EUROPA: A STRASBURGO UNA INIZIATIVA PER DENUNCIARE LE VIOLAZIONI DELLA LIBERTÀ RELIGIOSA NEL MONDO

“La libertà religiosa è la cartina al tornasole per il rispetto di tutte le altre libertà e dei diritti dell’uomo. E purtroppo oggi, in Europa e nel mondo, vi sono ancora molte, troppe situazioni in cui credere in qualcosa è confuso con il fondamentalismo”. Mario Mauro, vicepresidente del Parlamento europeo, esprime da Strasburgo, dove è in corso la sessione plenaria dell’Assemblea Ue, la sua “convinzione che è ora di farla finita con certe timidezze nel denunciare situazioni che vanno contro i diritti essenziali”. Assieme a padre Bernardo Cervellera, direttore dell’agenzia Asia News e ad Attilio Tamburrini, direttore di “Aiuto alla Chiesa che soffre”, elenca una serie di situazioni emblematiche nel mondo (fra cui quelle di Pakistan, Arabia Saudita, Cuba) e denuncia “l’ambiguità di molte prese di posizione delle istituzioni europee”.

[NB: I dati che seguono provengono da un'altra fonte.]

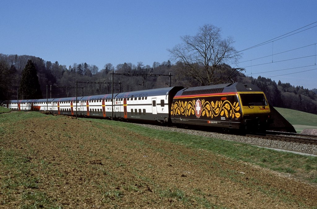 Sissach - 18. März 2025 : Re 460 046 "Polmengo" am IR 2467 von Basel SBB nach Luzern. Werbelok "Le Métier avec la plus belle vue du monde" = der Beruf mit der schönste Aussicht der Welt. Link zum Video : https://www.youtube.com/watch?v=WZIVF4CIHrU&t=5s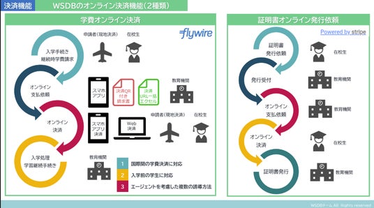 また、学費のグローバル決済サービスFlywire社と連携することで、WSDB-Tを利用し留学生の学費Web決済を行うことが可能です。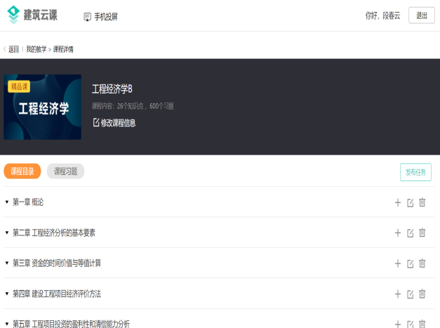 《工程经济学》是工程造价专业的专业核心课,由技术科学、经济学和管理科学相互渗透融合而成的一门综合性课程。成果导向教育 (Outcome Based Education,简称OBE)是一种以学生的学习成果(Learning outcomes)为导向的教育理念,认为教学设计和教学实施的目标是学生通过教育过程最后所取得的学习成果。本学期,该课程以OBE理念为导向并融入课程思政进行在线教学。为减少学生频繁更换教学平台,课程所有任务均发布在建筑云课平台中,如图1、图2。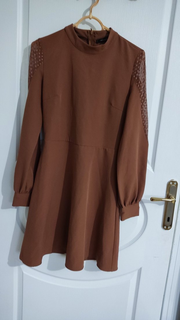 Kahverengi midi elbise, uzun kollu ve omuzlarda ince tül detaylıdır. Yüksek yakalı, bol kesimdir. Ofis kullanımı için uygundur. Rengi kahverengi Taba arası tatlı bir ton.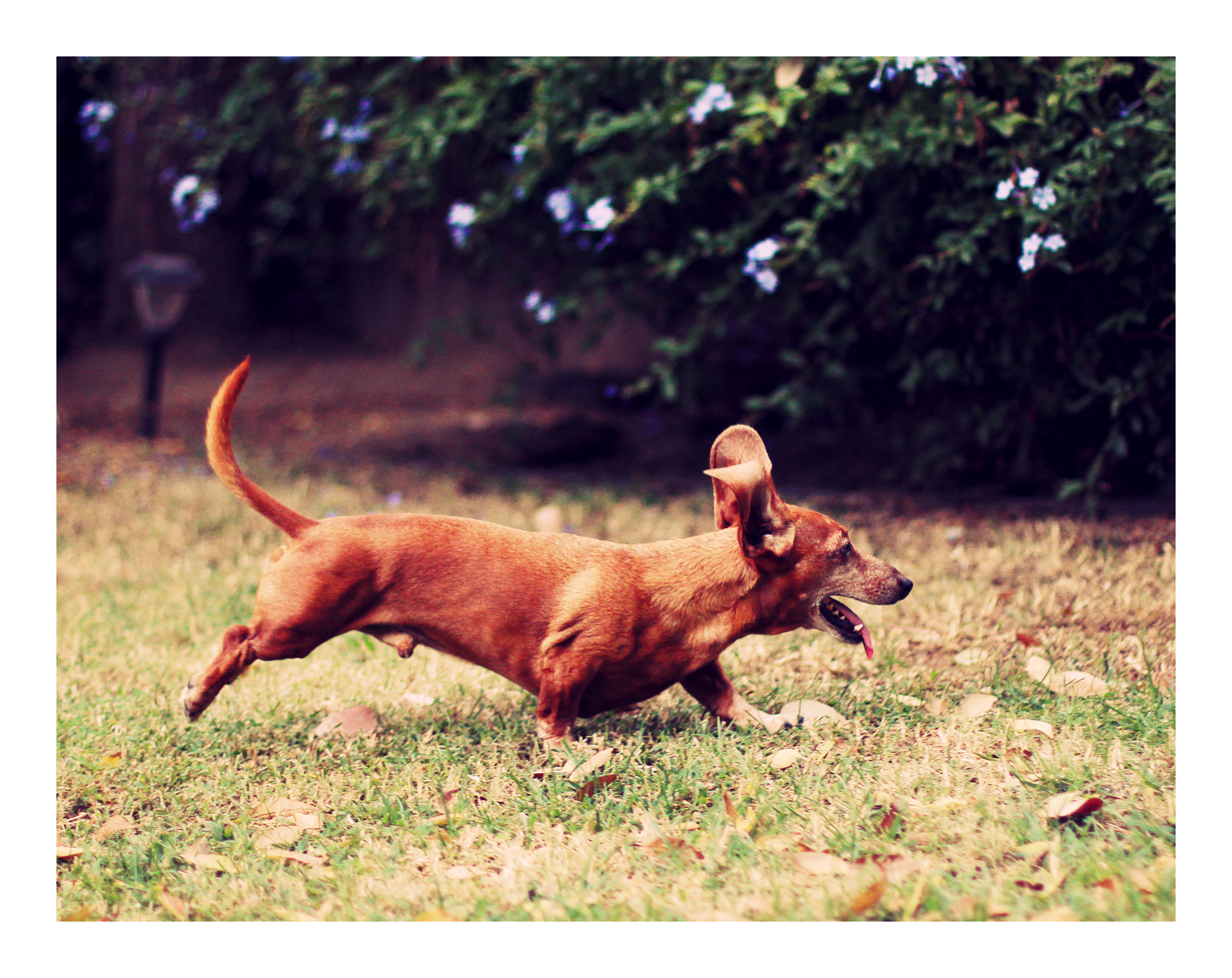 Rufus’ exercise regimen consists of many lapses around the backyard chasing squirrels. I love watching his ears flap in the wind.

A questo proposito Mauro cita la trentina di interventi dell’Europarlamento o di singoli deputati nelle ultime due legislature (1994-2004) per richiamare la Santa Sede al rispetto delle libertà fondamentali, “di gran lunga inferiori a quelli rivolti a Cuba e Cina, paesi in cui da decenni è mancato, e manca, il rispetto per i diritti umani e la dignità delle persone”.

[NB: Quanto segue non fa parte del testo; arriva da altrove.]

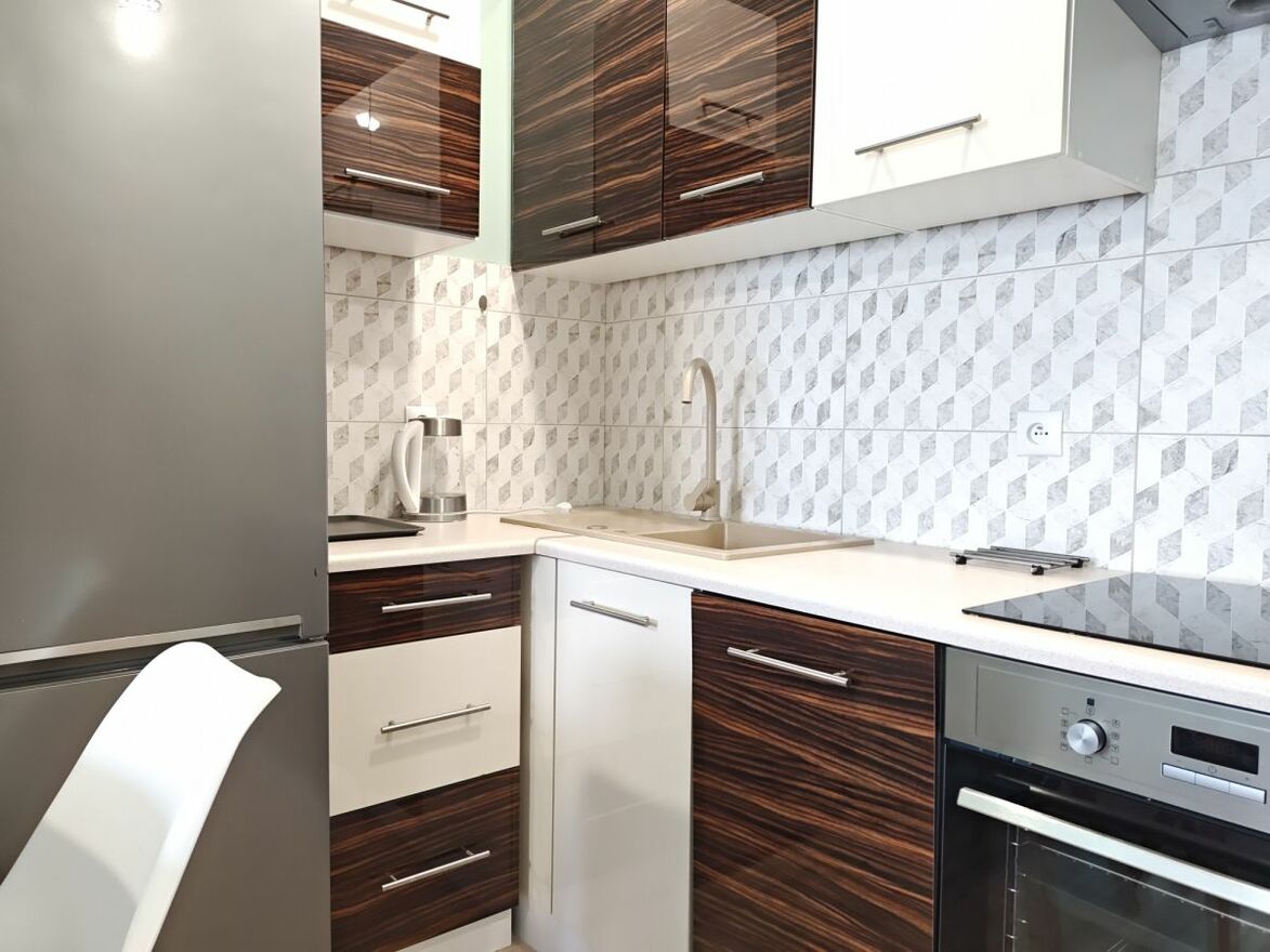 Wnętrze jest jasne i nowocześnie wykończone. Kuchnia stanowi spójną zabudowę z kompletem sprzętów, a salon jest ustawny i funkcjonalny. Mieszkanie jest gotowe do zamieszkania bez dodatkowych nakładów.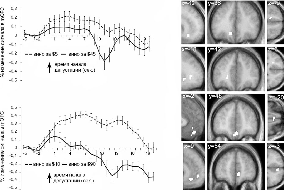 Покажется ли вам еда и питье вкуснее, если вы заплатите за них больше? Конечно, не всегда, но чаще – да, чем нет. В поддержку этих интуитивных знаний нейробиологи из Калифорнии изучили, что происходит в мозгу у людей, пьющих вино в компании (скажем, студентов), когда дается различная и иногда вводящая в заблуждение информация о цене красного вина. Бутылку вина за 5 долларов описывали правильно или наклеивали на нее этикетку с ценой 45 долларов. Другую бутылку, стоимостью 90 долларов, представляли как вино за 10, а третью оставляли со своей ценой – 35 долларов. Цену выводили на монитор в тот момент, когда крошечную порцию напитка впрыскивали в рот испытуемого. Во время одной серии экспериментов участники должны были оценить интенсивность вкуса вина, а во время другой – вынести суждение о том, насколько оно приятно.[73]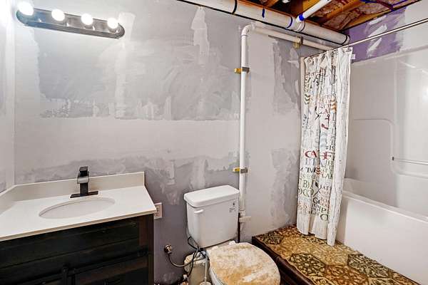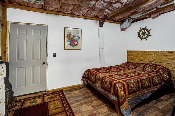 Affordable custom built lake home built in 2022 & situated on 5.49 acres w/237' of waterfront. This home is so cute on the inside. Great room w/cathedral ceiling, dining area & kitchen w/open floor plan & main level living. Spacious primary bedroom & bath. Guest bedroom is also on the main level & the third bedroom & bath are on the lower level which is partially finished(buyer to complete construction). The rest of the basement is unfinished and has lots of potential to be designed the way you want! Enjoy having a gentle lot and take a short walk down to the lake to catch lots of fish in this deep-water cove from your own private double floating docks. Only minutes to the Westlake area & a short drive to Roanoke. There is a small area of fencing in the back yard for dogs
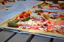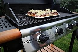 Alle Drehregler aufdrehen und erst mal den Pizzastein Vesuvo V38301 Pizzastein- / Brotbackbackstein Set für Backofen und Grill / eckig / 38×30 cm / mit Pizzaschaufel und Pizzamehl um die 20 Minuten vorheizen. Man kann die Pizza auch ohne Stein machen, dann wird sie allerdings nicht so schön knusprig. Paprika, Mais, Zwiebeln oder anderes Gemüse auf die andere Seite legen und so lange grillen bis auf allen Seiten ein schönes Grillmuster zu sehen ist.
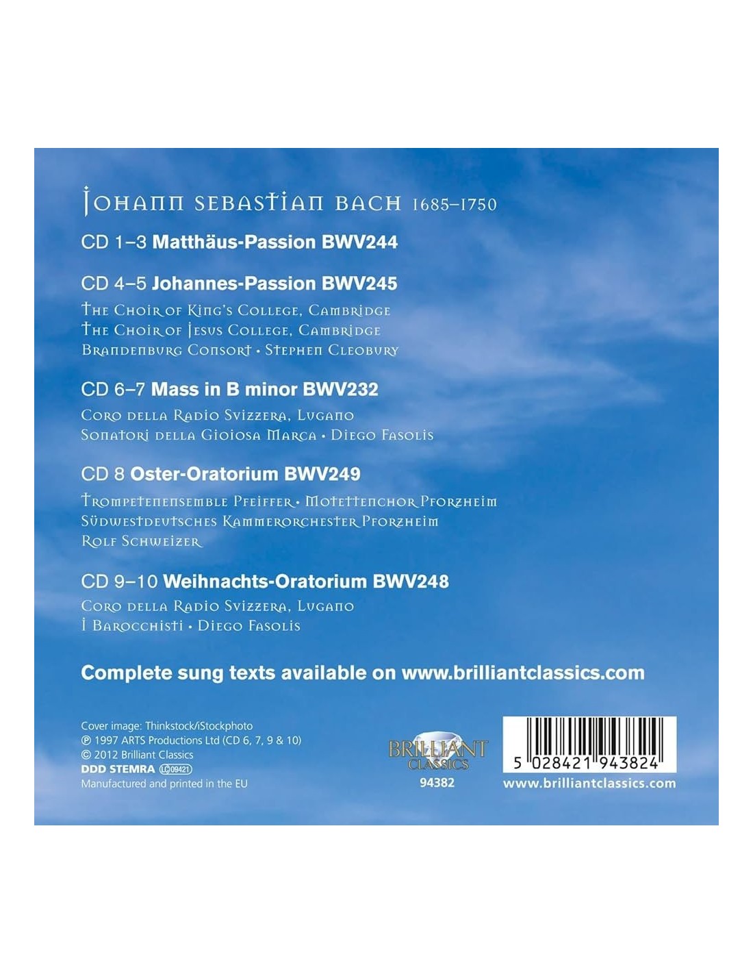Verzamelbox met 10 audio-cd's met heilige muziek gecomponeerd door Johann Sebastian Bach. Geniet van de koormeesterwerken van de Matthäus-Passion, Johannes-Passion, Mis in B mineur, Oster-Oratorium en Weihnachts-Oratorium.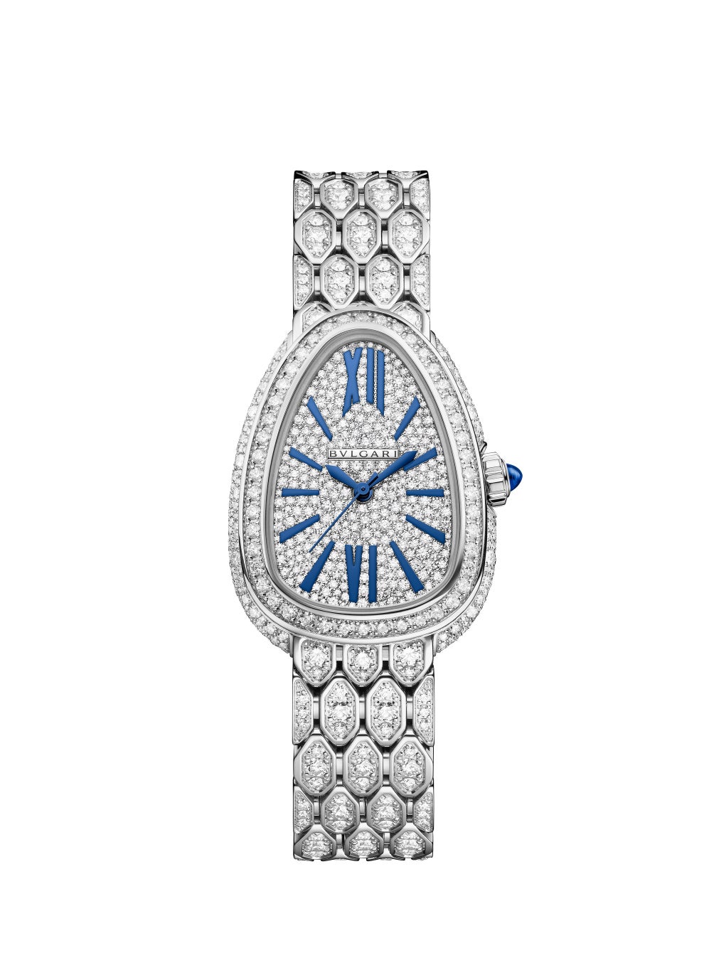 1948 年に機械式ウォッチとして初めて発表されたセルペンティには、その当時で最も優れたムーブメントが搭載されていました。そして今ブルガリは、2020 年のトゥールビヨン、2022 年のピコリッシモに続き、ル・サンティエの自社工場で製造された完全自社開発の「BVS100 レディ ソロテンポ」とともに、新たな歴史を刻み始めました。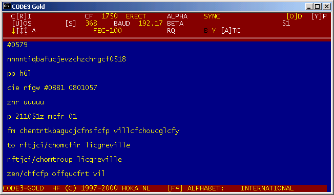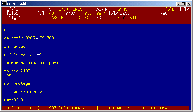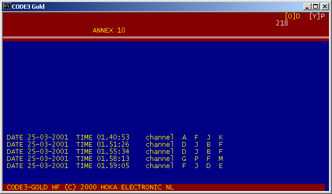 DATE 25-03-2001 TIME 00:40:53 SYSTEM ANNEX 10 FREQUENCY 8891.000 kHz decoder Code3 Gold, ricevuto da SMS

Padre Bernardo Cervellera (direttore di Asia News), profondo conoscitore della realtà cinese, invitato a Strasburgo per raccontare le violazioni della libertà religiosa nel mondo, spiega: “E’ ricorrente in Cina la scomparsa di vescovi oppure il loro arresto. Ci sono, a oggi, 13 sacerdoti cattolici ai lavori forzati. Si pratica la tortura più brutale contro chi manifesta la propria fede: vittime ne sono cristiani ma anche donne e uomini di altre fedi. C’è in atto una repressione tragica, che conferma come in questo paese manchino le libertà sostanziali”.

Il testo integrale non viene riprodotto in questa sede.